Hay que comenzar aclarando que el sionismo es la ideología de una fracción de la religión judía, pues esta religión se ha dividido históricamente según su lugar de asentamiento. Concretamente existen dos grandes grupos mayoritarios: el de los judíos asquenazíes (cuyo nombre viene del nombre hebreo de Alemania), que representa la comunidad judía de Europa central y oriental desde Francia hasta Rusia, y el de los judíos sefardíes vinculados a la península ibérica (denominada Sefarad) hasta el siglo XV y a sus lugares de exilio en Latinoamérica y el sur de Europa tras su expulsión. Existe además un grupo minoritario de judíos mizrajíes vinculado con las comunidades judías dispersas por el continente africano y el medio y lejano oriente. De todas estas, únicamente la comunidad askenazí tiene vinculación directa con el sionismo.
En el seno de esa comunidad religiosa (y más concretamente entre la intelectualidad burguesa askenazí), se produjo a mediados del siglo XIX un análisis de la historia y situación de los judíos en general y de los europeos en particular que, en un paralelismo con los procesos de autodeterminación nacional que en aquel momento estaban impulsando las naciones sin Estado, llegó a la conclusión de que la solución a sus problemas era el establecimiento de un Estado propio para toda la comunidad judía a nivel mundial, tal y como quedó expuesto ta en 1896 en el libro «El Estado judío» publicado por el ideólogo sionista Theodor Herzl de origen austro-húngaro. Su propuesta incluía el «regreso» a la tierra donde, según las escrituras sagradas del judaísmo se situaron los reinos de Judá e Israel (llamada poéticamente Sión), y que en aquel entonces era una provincia del Imperio Otomano denominada Siria Otomana que incluía las actuales Palestina, Jordania y Siria.

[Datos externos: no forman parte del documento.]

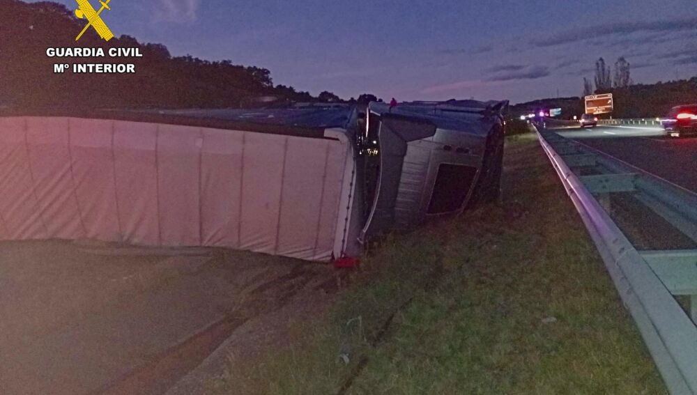 El suceso ha ocurrido sobre las 18,00 horas de este miércoles, cuando un camión articulado ha volcado ocupando los dos carriles, según informan fuentes de la Guardia Civil.

La confluencia de ese objetivo político alentado por la burguesía judía (propia de las aspiraciones nacionalistas del momento, orientadas a constituir naciones-Estado de carácter liberal), y el tradicional sentimiento nostálgico idealizado durante siglos en los ritos religiosos judíos donde se lamenta la destrucción del Templo de Jerusalén y la expulsión de los judíos de Palestina a manos de los romanos, dieron lugar a un verdadero movimiento sionista mundial (pero principalmente europeo) con importantes contactos con las clases dominantes a ambos lados del Atlántico.
Esto explica por qué cuando Gran Bretaña ocupa militarmente la Siria Otomana en plena Primera Guerra Mundial y la divide en dos territorios; Palestina y Jordania, el gobierno británico hace público su compromiso por establecer un «hogar nacional» para los judíos en Palestina (Declaración de Balfour de 1917), sin llegar a aclarar si eso implica el establecimiento de un Estado propio (cosa que ya había prometido también a la población musulmana), o una solución distinta.
A raíz de la Declaración de Balfour, durante los años 20 y 30 y especialmente antes y durante la Segunda Guerra Mundial el sionismo se ve reforzado como corriente política dentro del judaísmo lanzándose a la creación de multitud de organizaciones de todo tipo (deportivas, juveniles, culturales, políticas, sindicales…) desde las que difundir y reforzar su ideología. Entre estas destacan las dedicadas específicamente a organizar grandes oleadas de migración judía hacia Palestina, como la Agencia Judía para la Tierra de Israel establecida en 1923, y que llevó a cabo hasta 1947 seis de estas oleadas con miles de migrantes en cada una de ellas. El origen nacional y las circunstancias de estos migrantes explican buena parte del carácter agresivo y reaccionario de la posterior ocupación sionista, puesto que procedían de comunidades perseguidas por el antisemitismo de Europa central y, en muchos casos, de exiliados que huían de las revoluciones proletarias que se producen a partir de 1917 en la Europa oriental.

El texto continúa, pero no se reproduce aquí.